8.5.1 Sunsetting your project site

Active Zooniverse projects are listed at When your project runs out of data, it will be automatically moved to the “Paused” category. When you are sure your project is finished, you must reach out to the Zooniverse team and ask us to move it to the “Finished” category.

While projects can be deleted, it is our goal for Zooniverse-approved projects to keep an active, public site available as long-term reference to the past effort. The idea is to provide a record of the project, its Talk message boards, and a long-term link that can point to the project's outputs that are available and accessible to volunteer contributors. You may want to consider leaving one or more of your Workflows set to ‘Active’ to allow future visitors to experience the method(s) you used to collect your project data.

When you feel your project has been entirely completed, thank your volunteers via an email newsletter and explain what happens next. Update your Results page accordingly, and don’t forget to submit project publications to our Publications page. We expect researchers to use the results of the project in peer-reviewed research, and to share results with the community. As detailed in the step above, Classification data must be made accessible within 2 years of the project’s completion, though sooner is preferable.

8.5.2 Preserving access to your activities

While your Zooniverse project site can stay ‘live’ indefinitely as a finished project, crowdsourcing projects and researchers’ attendant analyses often produce other research outputs–from books to websites to apps to exhibitions and beyond–that should be thoughtfully organized and made accessible to volunteers and the public, generally. The Endings Project, a digital archiving effort from the University of Victoria suggests that researchers with projects that include significant digital elements should consider three questions as their project concludes:

  1. How should the project conclude?
  2. How should the project’s dynamic features be preserved?
  3. Where should the project be archived?

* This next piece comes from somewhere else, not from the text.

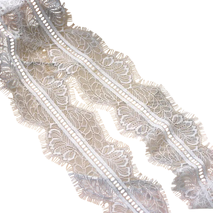 Nastro in pizzo decorativo adatto per cucire, abbellire abbigliamento, decorazioni nuziali e progetti creativi. La struttura delicata conferisce ai prodotti un aspetto elegante. Descrizione completa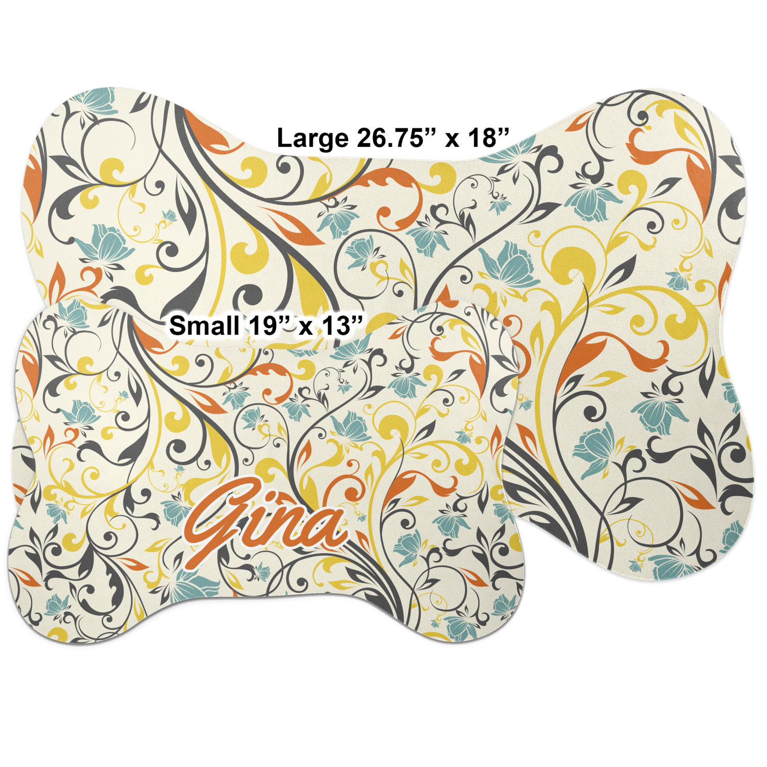 The top of this mat displays your custom design, as it is printed on polyester. To prevent slippage, the underside of the mat is made of rubber. We offer a small dog food mat, suitable for smaller dogs and a large dog food mat for bigger breeds. The small dog food mat is approximately 19 by 13 inches, while the large dog feeding mat measures at approximately 26.75 by 18 inches. Both personalized mats are ideally sized to fit two dog bowls.

Each project must arrive at their own answers to those questions, but The Endings Project outlines a set of compliance principles to guide researchers through considerations that will help the digital elements of their work have a high likelihood of remaining accessible and even functional for decades. As you reflect on what you’ve accomplished through your Zooniverse project, imagine what you’d like someone to know about your process and results fifty years from now and work toward making those portions of your project sustainable to preserve and legible well into the future.